_What to produce_.
Give back the data exactly, with no images.

————

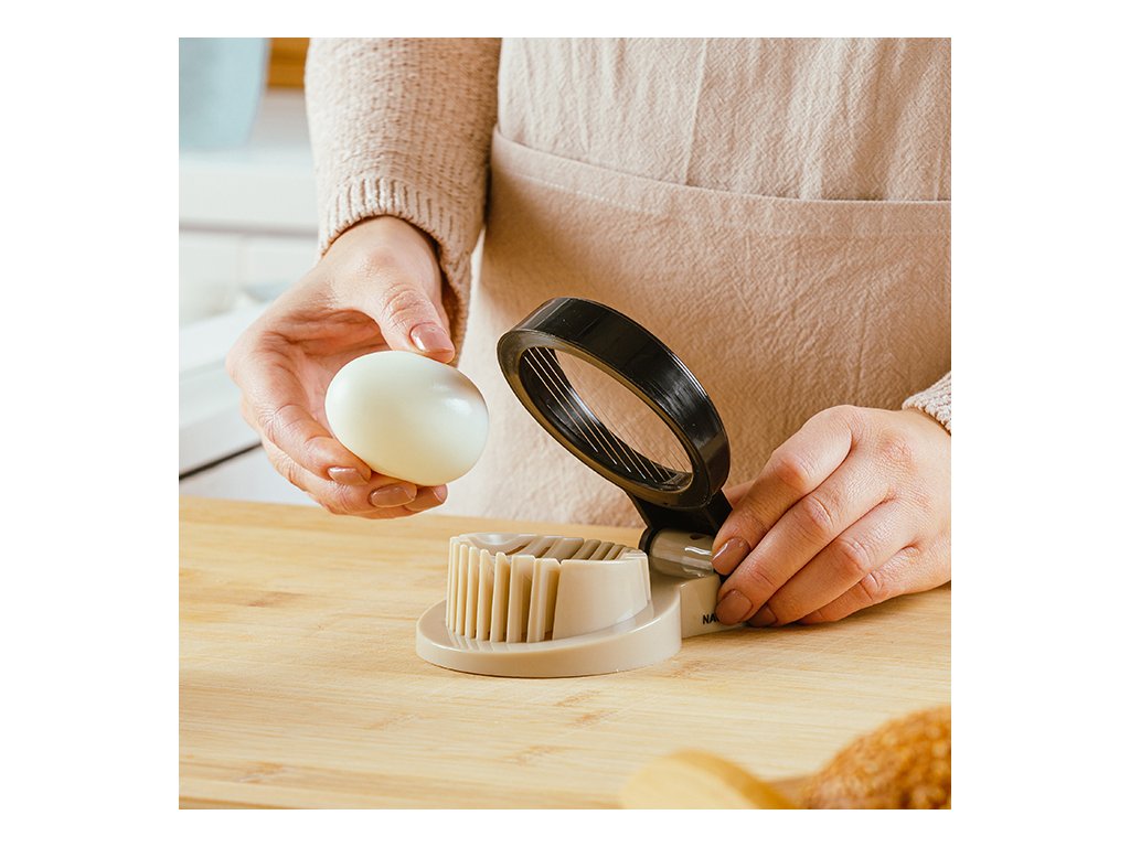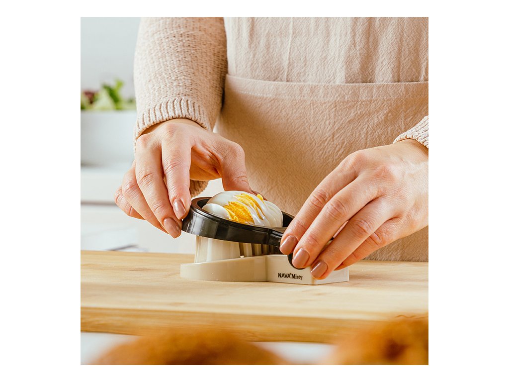 Nakrájí vařená vejce na rovnoměrné plátky, má speciálně navržený prostor pro vkládání vajec, která jsou při krájení stabilní a v kráječi nekloužou.
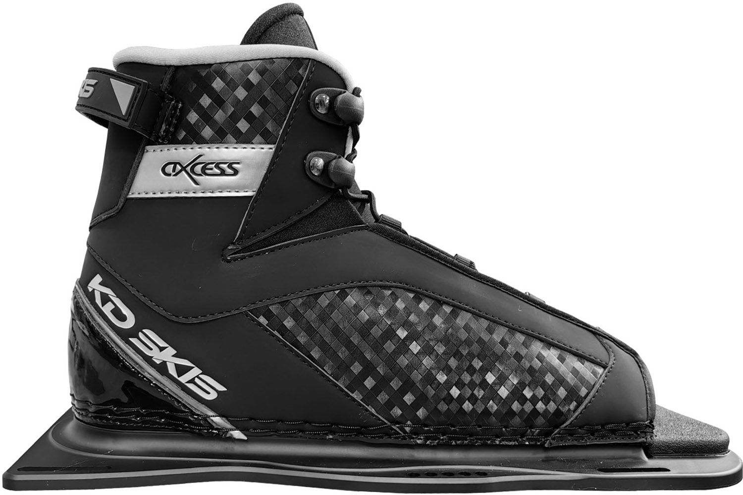 - REAR TOE PLATES: Rear toe plates are available in adjustable or fixed styles. Adjustable RTP’s are one-size-fits-all and feature a lace or BOA system to cater for all foot sizes up to US 14. Fixed RTP’s are made of rubber and are available in specific US shoe sizes with aluminium plates. Hybrid rear toe plates (HRT’s) combine the ankle support of a full boot with the flexibility of a RTP. HRTs are best for skiers who deep water starts with two feet in and are looking to bridge the gap between a full boot and traditional RTP.
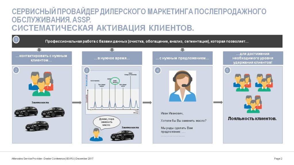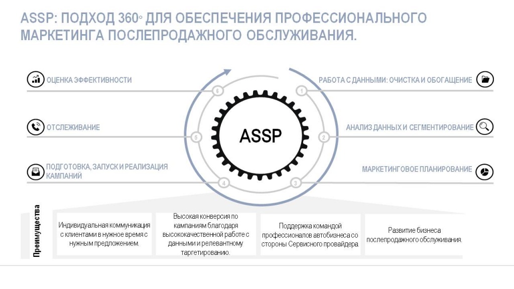 Глобально проект берет на аутсорсинг дилерский маркетинг в направлении послепродажного обслуживания, начиная от построения индивидуального маркетингового плана и аналитики деятельности дилерского предприятия и заканчивая реализацией и отслеживанием выполнения KPI сервисных кампаний.
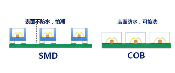 与SMD对比,COB的产品特点如下:
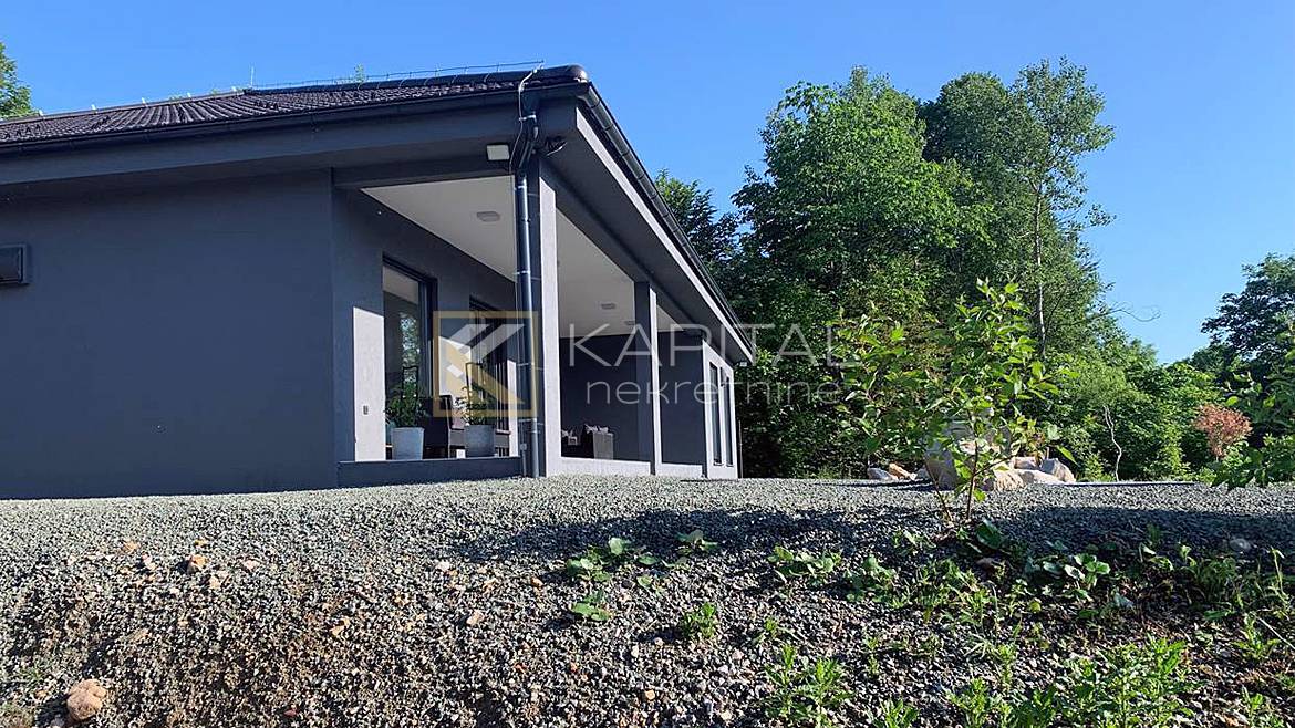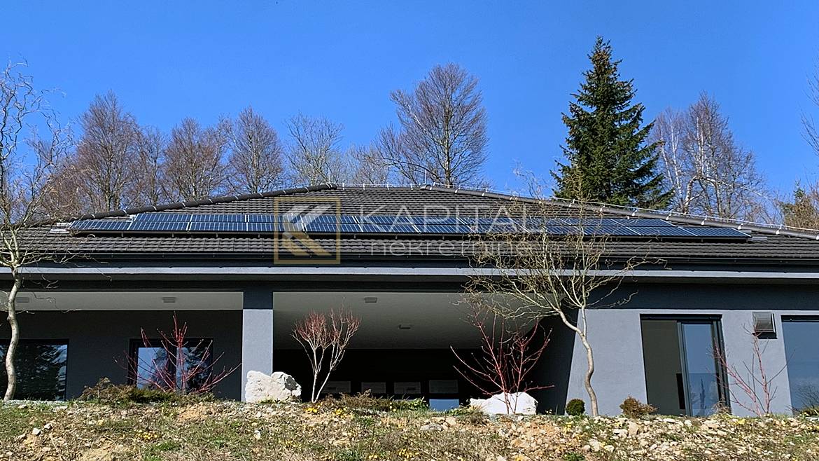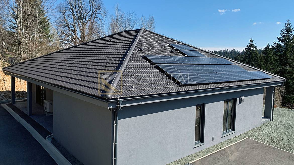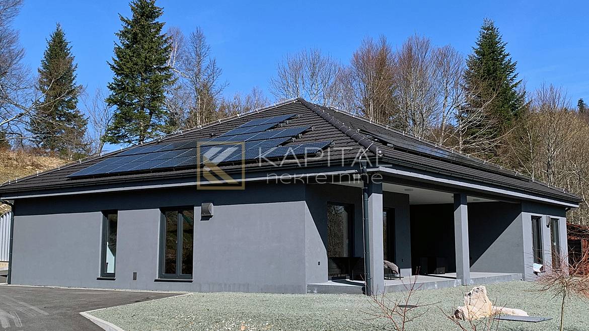 Opis: Posredujemo u prodaji montažne, energetski visoko učinkovite kuće koja se nalazi u dijelu netaknute prirode u blizini jezera, na samo pola sata vožnje od Rijeke. Izgrađena je kao prizemnica od 281 m2 btto površine uz mogućnost uređenja tavanskog prostora, koji je većinom stajaće visine. Stambeni prostor čine prostrana kuhinja s blagovaonom i dnevnim boravakom, tri sobe, (od kojih dvije imaju vlastite garderobe i kupaone), hodnika, ostave i gostinskog toaleta. Garaža je povezana sa stanom. Tri natkrivene vanjske terase daju poseban šarm ovoj nekretnini. Kuća je izgrađena vrhunskim materijalima, dobro i kvalitetno izolirana s razvedenim podnim grijanjem. Vanjska stolarija u kući je sedmokomorni PVC profil, s troslojnim termoizolacijskim staklom ispunjenim inertnim plinom te vanjskim aluminijskim roletama sa sklopivim komarnicima. Na kući su ugrađena dva rekuperatora koji osiguravaju ventilaciju bez gubitaka temperature. Podno grijanje objekta i sanitarne vode (300 l) je riješeno sa 16kW Dimplex dizalicom topline, a odrađena je i kompletna priprema za ugradnju 4 Fan-Coil jedinice za hlađenje. Razvod tople vode je recirkulacijski, s konstantnim protokom tople vode....
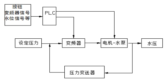 变频调速恒压供水系统由变频器、泵组电机、供水管网、储水箱、(智能PID调节器)、压力变送器、PLC控制单元等部分组成,控制系统原理图如图所示。其中变频器的作用是为电机提供可变频率的电源,实现电机的无级调速,从而使管网水压连续变化,同时变频器还可作为电机软启动装置,限制电机的启动电流。压力变送器的作用是检测管网水压。智能PID调节器实现管网水压的PLC调节。PLC控制单元则是泵组管理的执行设备,同时还是变频器的驱动控制,根据用水量的实际变化,自动调整其它工频泵的运行台数。变频器和PLC的应用为水泵转速的平滑性连续调节提供了方便。水泵电机实现变频软启动, 消除了对电网、电气设备和机械设备的冲击,延长机电设备的使用寿命。
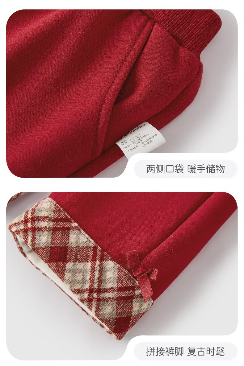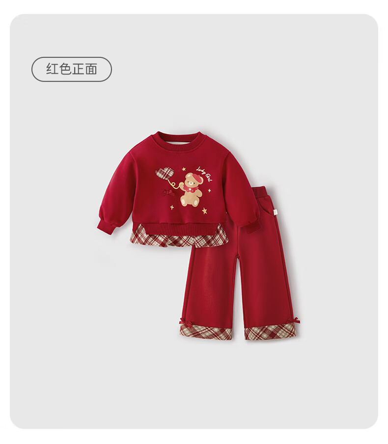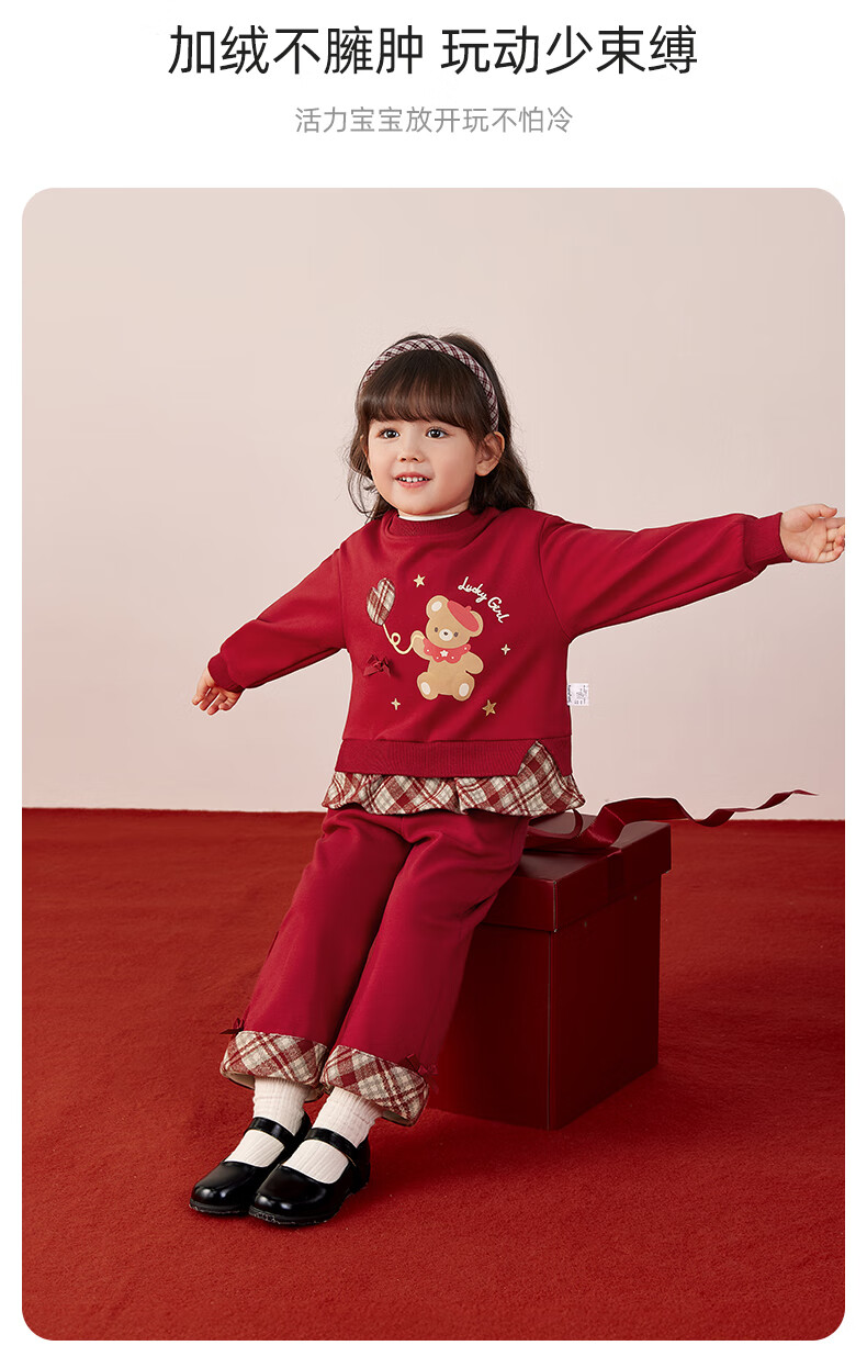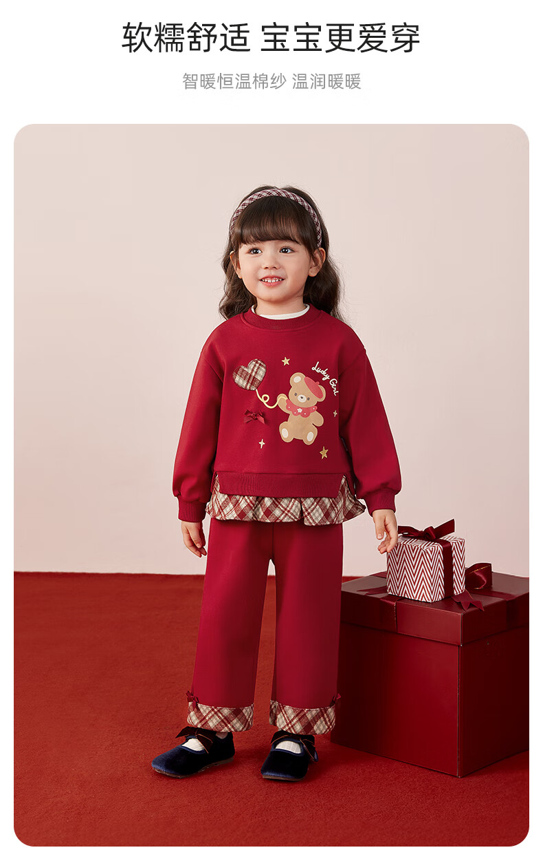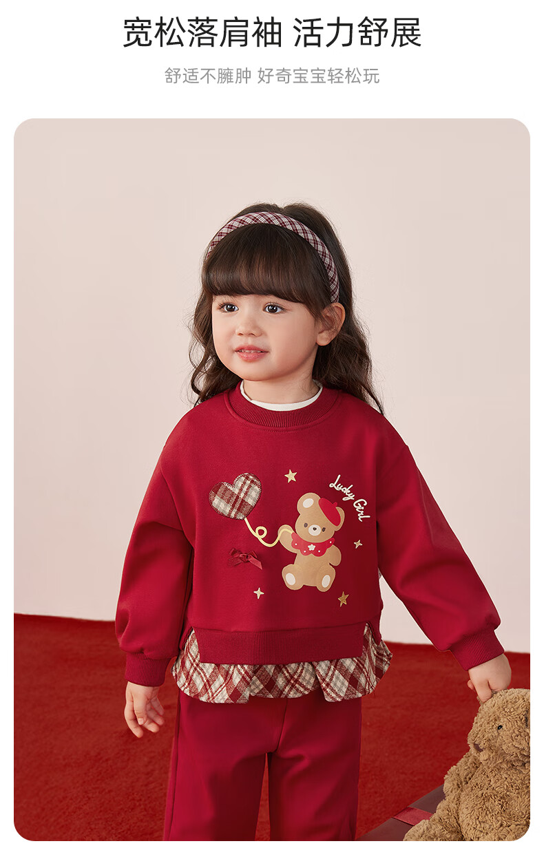 JELLYBABY【时尚洋气加绒休闲套装】25新品冬款女童卫衣+裤子大童 红色 110
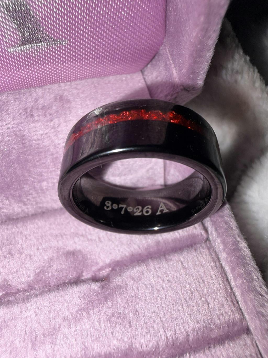 ►His band, crafted from durable black tungsten carbide, showcases a sleek 8mm flat design with a polished finish and a captivating crushed garnet inlay, offering a bold yet sophisticated look.
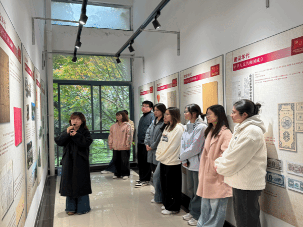 11月10日,毛泽东思想和中国特色社会主义理论体系概论教研室师生走进学院新设立的党史党建现场教学基地,参观“奋斗百年路,启航新征程——革命文物中的百年党史”展览。由学院党员研究生组成的“红色讲解员”团队,以革命文物为切入点,通过情景再现、互动问答等形式,将百年党史转化为可感知的“活教材”。作为思政育人新阵地,展览所在基地将常态化开放,推动党史学习从“教室课堂”向“实景育人阵地”延伸。
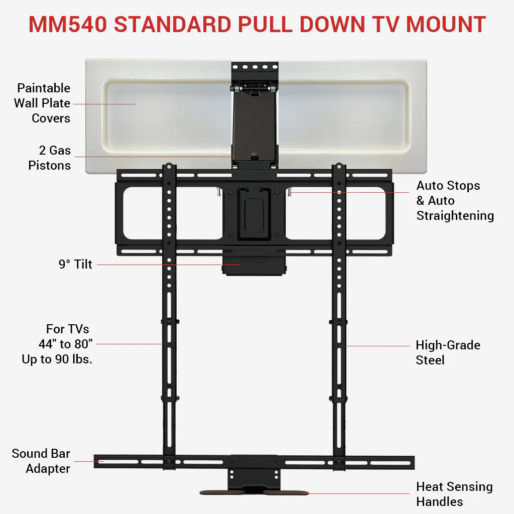 The MM540 Enhanced Mount gives you true safety, complete functionality, the incomparable MantelMount® engineering & craftsmanship, PLUS the premium features...all in one Pull Down TV Mount!

————

_Written answer_.
 Nakrájí vařená vejce na rovnoměrné plátky, má speciálně navržený prostor pro vkládání vajec, která jsou při krájení stabilní a v kráječi nekloužou.
 - REAR TOE PLATES: Rear toe plates are available in adjustable or fixed styles. Adjustable RTP’s are one-size-fits-all and feature a lace or BOA system to cater for all foot sizes up to US 14. Fixed RTP’s are made of rubber and are available in specific US shoe sizes with aluminium plates. Hybrid rear toe plates (HRT’s) combine the ankle support of a full boot with the flexibility of a RTP. HRTs are best for skiers who deep water starts with two feet in and are looking to bridge the gap between a full boot and traditional RTP.
 Глобально проект берет на аутсорсинг дилерский маркетинг в направлении послепродажного обслуживания, начиная от построения индивидуального маркетингового плана и аналитики деятельности дилерского предприятия и заканчивая реализацией и отслеживанием выполнения KPI сервисных кампаний.
 与SMD对比,COB的产品特点如下:
 Opis: Posredujemo u prodaji montažne, energetski visoko učinkovite kuće koja se nalazi u dijelu netaknute prirode u blizini jezera, na samo pola sata vožnje od Rijeke. Izgrađena je kao prizemnica od 281 m2 btto površine uz mogućnost uređenja tavanskog prostora, koji je većinom stajaće visine. Stambeni prostor čine prostrana kuhinja s blagovaonom i dnevnim boravakom, tri sobe, (od kojih dvije imaju vlastite garderobe i kupaone), hodnika, ostave i gostinskog toaleta. Garaža je povezana sa stanom. Tri natkrivene vanjske terase daju poseban šarm ovoj nekretnini. Kuća je izgrađena vrhunskim materijalima, dobro i kvalitetno izolirana s razvedenim podnim grijanjem. Vanjska stolarija u kući je sedmokomorni PVC profil, s troslojnim termoizolacijskim staklom ispunjenim inertnim plinom te vanjskim aluminijskim roletama sa sklopivim komarnicima. Na kući su ugrađena dva rekuperatora koji osiguravaju ventilaciju bez gubitaka temperature. Podno grijanje objekta i sanitarne vode (300 l) je riješeno sa 16kW Dimplex dizalicom topline, a odrađena je i kompletna priprema za ugradnju 4 Fan-Coil jedinice za hlađenje. Razvod tople vode je recirkulacijski, s konstantnim protokom tople vode....
 变频调速恒压供水系统由变频器、泵组电机、供水管网、储水箱、(智能PID调节器)、压力变送器、PLC控制单元等部分组成,控制系统原理图如图所示。其中变频器的作用是为电机提供可变频率的电源,实现电机的无级调速,从而使管网水压连续变化,同时变频器还可作为电机软启动装置,限制电机的启动电流。压力变送器的作用是检测管网水压。智能PID调节器实现管网水压的PLC调节。PLC控制单元则是泵组管理的执行设备,同时还是变频器的驱动控制,根据用水量的实际变化,自动调整其它工频泵的运行台数。变频器和PLC的应用为水泵转速的平滑性连续调节提供了方便。水泵电机实现变频软启动, 消除了对电网、电气设备和机械设备的冲击,延长机电设备的使用寿命。
 JELLYBABY【时尚洋气加绒休闲套装】25新品冬款女童卫衣+裤子大童 红色 110
 ►His band, crafted from durable black tungsten carbide, showcases a sleek 8mm flat design with a polished finish and a captivating crushed garnet inlay, offering a bold yet sophisticated look.
 11月10日,毛泽东思想和中国特色社会主义理论体系概论教研室师生走进学院新设立的党史党建现场教学基地,参观“奋斗百年路,启航新征程——革命文物中的百年党史”展览。由学院党员研究生组成的“红色讲解员”团队,以革命文物为切入点,通过情景再现、互动问答等形式,将百年党史转化为可感知的“活教材”。作为思政育人新阵地,展览所在基地将常态化开放,推动党史学习从“教室课堂”向“实景育人阵地”延伸。
 The MM540 Enhanced Mount gives you true safety, complete functionality, the incomparable MantelMount® engineering & craftsmanship, PLUS the premium features...all in one Pull Down TV Mount!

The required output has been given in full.